Very quickly, since I'm a professor I love to correct factual points. Palestine was 1948. The UN did not vote against Sudan; it actually authorized the force for Sudan. It's the Sudanese government that's the problem.
I don't think my colleague's cynical views of the motives of the developed world for contributing to peacekeeping are accurate. I think many of them are doing so for the high-minded ideals that we've contributed to peacekeeping in the past.
If you look at my fatalities list you'll see that half the nations in the top 10 fatality countries in UN peacekeeping are developing and the other half are developed world. Canada, of course, is the first in the developed world and India is the first in the developing world.
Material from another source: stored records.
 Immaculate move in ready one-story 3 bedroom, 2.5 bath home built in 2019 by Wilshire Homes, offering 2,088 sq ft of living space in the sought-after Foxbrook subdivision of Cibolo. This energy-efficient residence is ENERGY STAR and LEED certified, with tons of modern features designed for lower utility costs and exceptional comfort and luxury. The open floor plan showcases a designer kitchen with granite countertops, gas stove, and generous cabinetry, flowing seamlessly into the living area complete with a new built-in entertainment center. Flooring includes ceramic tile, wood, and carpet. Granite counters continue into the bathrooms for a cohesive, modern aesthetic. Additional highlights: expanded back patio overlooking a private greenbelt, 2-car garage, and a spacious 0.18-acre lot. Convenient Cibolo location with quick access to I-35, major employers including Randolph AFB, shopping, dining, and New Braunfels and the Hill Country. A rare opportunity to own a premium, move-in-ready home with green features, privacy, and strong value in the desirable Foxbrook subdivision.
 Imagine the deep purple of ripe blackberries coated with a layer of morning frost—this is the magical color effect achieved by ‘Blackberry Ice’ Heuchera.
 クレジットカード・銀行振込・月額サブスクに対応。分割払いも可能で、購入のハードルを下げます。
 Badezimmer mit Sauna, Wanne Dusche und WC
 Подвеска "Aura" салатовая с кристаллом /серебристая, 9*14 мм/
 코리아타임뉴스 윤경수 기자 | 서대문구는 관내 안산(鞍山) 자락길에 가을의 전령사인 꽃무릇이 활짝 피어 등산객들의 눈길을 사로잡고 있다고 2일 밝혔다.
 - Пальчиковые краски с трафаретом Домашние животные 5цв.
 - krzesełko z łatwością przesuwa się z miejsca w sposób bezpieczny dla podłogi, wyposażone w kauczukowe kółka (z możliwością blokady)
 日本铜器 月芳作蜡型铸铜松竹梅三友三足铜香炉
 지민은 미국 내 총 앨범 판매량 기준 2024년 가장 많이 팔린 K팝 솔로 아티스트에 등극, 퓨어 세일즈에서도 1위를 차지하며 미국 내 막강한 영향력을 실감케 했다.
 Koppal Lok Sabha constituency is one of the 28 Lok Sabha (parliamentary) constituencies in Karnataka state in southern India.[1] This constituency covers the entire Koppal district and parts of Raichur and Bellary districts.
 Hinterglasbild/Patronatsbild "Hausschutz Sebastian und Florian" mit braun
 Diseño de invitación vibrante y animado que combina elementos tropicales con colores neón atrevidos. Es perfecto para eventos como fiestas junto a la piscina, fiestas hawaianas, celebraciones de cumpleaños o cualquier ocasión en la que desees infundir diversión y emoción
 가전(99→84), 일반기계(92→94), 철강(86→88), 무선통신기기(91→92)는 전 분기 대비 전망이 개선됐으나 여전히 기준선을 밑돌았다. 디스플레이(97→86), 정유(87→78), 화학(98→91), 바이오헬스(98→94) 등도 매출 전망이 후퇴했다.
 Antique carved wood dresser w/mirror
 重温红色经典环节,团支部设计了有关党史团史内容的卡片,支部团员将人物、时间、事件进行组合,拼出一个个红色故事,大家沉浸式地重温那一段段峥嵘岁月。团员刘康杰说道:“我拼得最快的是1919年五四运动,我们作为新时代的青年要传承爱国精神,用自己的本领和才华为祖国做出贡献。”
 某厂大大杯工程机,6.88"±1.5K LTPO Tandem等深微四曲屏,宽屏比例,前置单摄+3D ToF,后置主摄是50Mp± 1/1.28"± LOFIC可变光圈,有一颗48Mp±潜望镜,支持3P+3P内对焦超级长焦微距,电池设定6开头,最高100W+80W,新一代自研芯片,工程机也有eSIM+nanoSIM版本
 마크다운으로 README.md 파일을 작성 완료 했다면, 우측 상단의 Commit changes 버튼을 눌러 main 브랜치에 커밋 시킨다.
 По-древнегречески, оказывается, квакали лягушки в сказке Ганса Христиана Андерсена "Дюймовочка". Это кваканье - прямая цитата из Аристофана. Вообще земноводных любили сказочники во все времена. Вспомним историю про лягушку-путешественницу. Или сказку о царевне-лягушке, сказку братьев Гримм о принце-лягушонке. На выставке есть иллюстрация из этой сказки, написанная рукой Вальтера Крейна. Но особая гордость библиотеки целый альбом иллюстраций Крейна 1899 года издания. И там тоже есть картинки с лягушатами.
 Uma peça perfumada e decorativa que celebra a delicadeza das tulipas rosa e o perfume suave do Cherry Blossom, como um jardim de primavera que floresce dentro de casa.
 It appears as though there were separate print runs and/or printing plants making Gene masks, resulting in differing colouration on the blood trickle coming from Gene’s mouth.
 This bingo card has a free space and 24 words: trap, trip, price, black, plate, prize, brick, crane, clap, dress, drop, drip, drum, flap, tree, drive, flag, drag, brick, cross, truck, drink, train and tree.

There is an exit strategy in Afghanistan. It's the same one that has been applied so successfully in lots of conflicts we had in the 1990s. It's only in Somalia where we gave up. And we decided to go on fighting this endless war, which is maybe another Iraq. Maybe what we have in Kandahar is another Somalia. It's just not a workable strategy.
NATO does have a model of its own. It has peace support operations. It's actually a very well-developed, doctrinally founded model of peace support. They've done successful peace support operations in Bosnia and Kosovo. It's not that we have to go only to the UN for the model of peacekeeping; NATO has the model.
I appreciate the words on protecting the dam. That's exactly the sort of project we have to do more of, in a protection mandate, rather than one on search and destroy.
I agree that our soldiers do public outreach extremely well. We do it better than the Americans. I think we are probably the best in the world in terms of relating to local populations. We have that because of our bilingual and multi-ethnic culture in Canada.
In terms of the views on the Taliban, absolutely, our view is too simplistic now. If we start looking at the Pashtuns, the Daris, and the different tribes and weave into that web of interests and motives...then we'd be getting close to the truth. It's only in that way that we can begin to get back to the question of local government, of how you devolve power to the people, especially in those regions where the central government has proven to be corrupt, and that you actually look regionally at ways in which people can start helping themselves.
It means giving them more power, which means power sharing. It means sharing with a lot of people we now mistakenly classify as Taliban. It means sharing power with people, many of whom don't agree with our current policy, who have an interest in their families and lives in that area.